We have stated before that if the lesser performing estates spent as much time concentrating on their vines and wines as they did in their lawyers office everyone could benefit. For the record, of the top four performing estates in St Émilion, only Chateau Pavie remains in the classification.

Whilst we’re on the subject of wine, I’d like to mention we’re having a January Sale. Despite everyone’s best efforts we just didn’t manage to sell out before the year end. As a result we have decided to continue a tradition we started in 2011 by offering you some FREE WINE.

Your eyes do not deceive you if you buy 6 bottles we’ll only charge you for 5. In reality that’s a 16.66% discount, not one of ‘the cheapest one free’ shenanigans that other retailers might like to hoodwink with…

Apart from spirits there are only a few odd products here and there that we’ll have to exclude but we’re sure you understand.

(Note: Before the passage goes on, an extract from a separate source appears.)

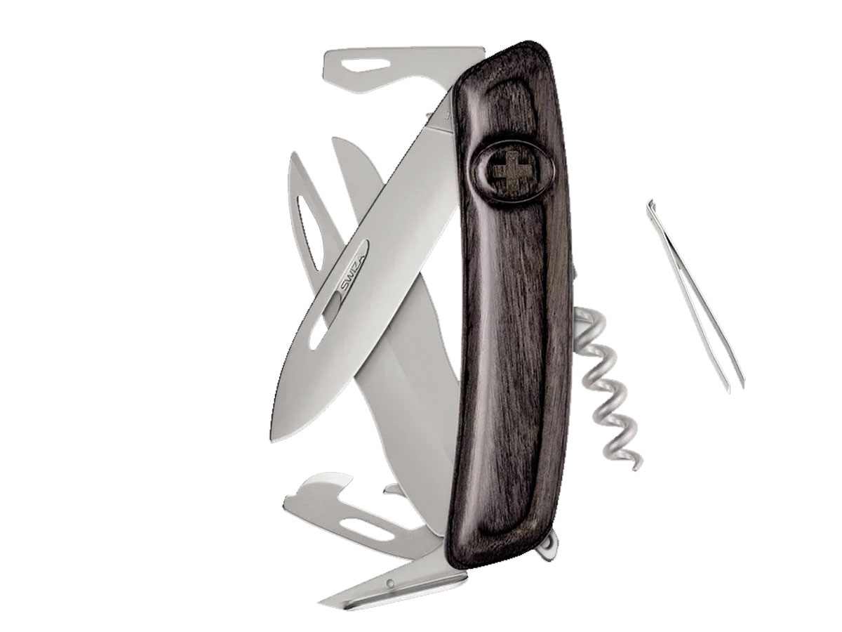 - Finitura satinata opaca di tutte le parti metalliche - Lama con blocco di sicurezza (si sblocca premendo la croce SWIZA) - Lama in acciaio inox 440 - Manico resistente e antigraffio, realizzato in laminato - Lama e attrezzi con unghiatura per facilitare l'apertura con la mano sinistra o destra

We understand that some of you may be involved in Dry January. It’s not for us in much the same way as Turkeys don’t vote for Christmas. We admire your spirit though, and would mention that do have a Zero Alcohol Sparkler should the charms of San Pellegrino wear a bit thin.  

That’s enough from us for the first week of the year, do pop in and say hi and leave with a box you only paid for five of.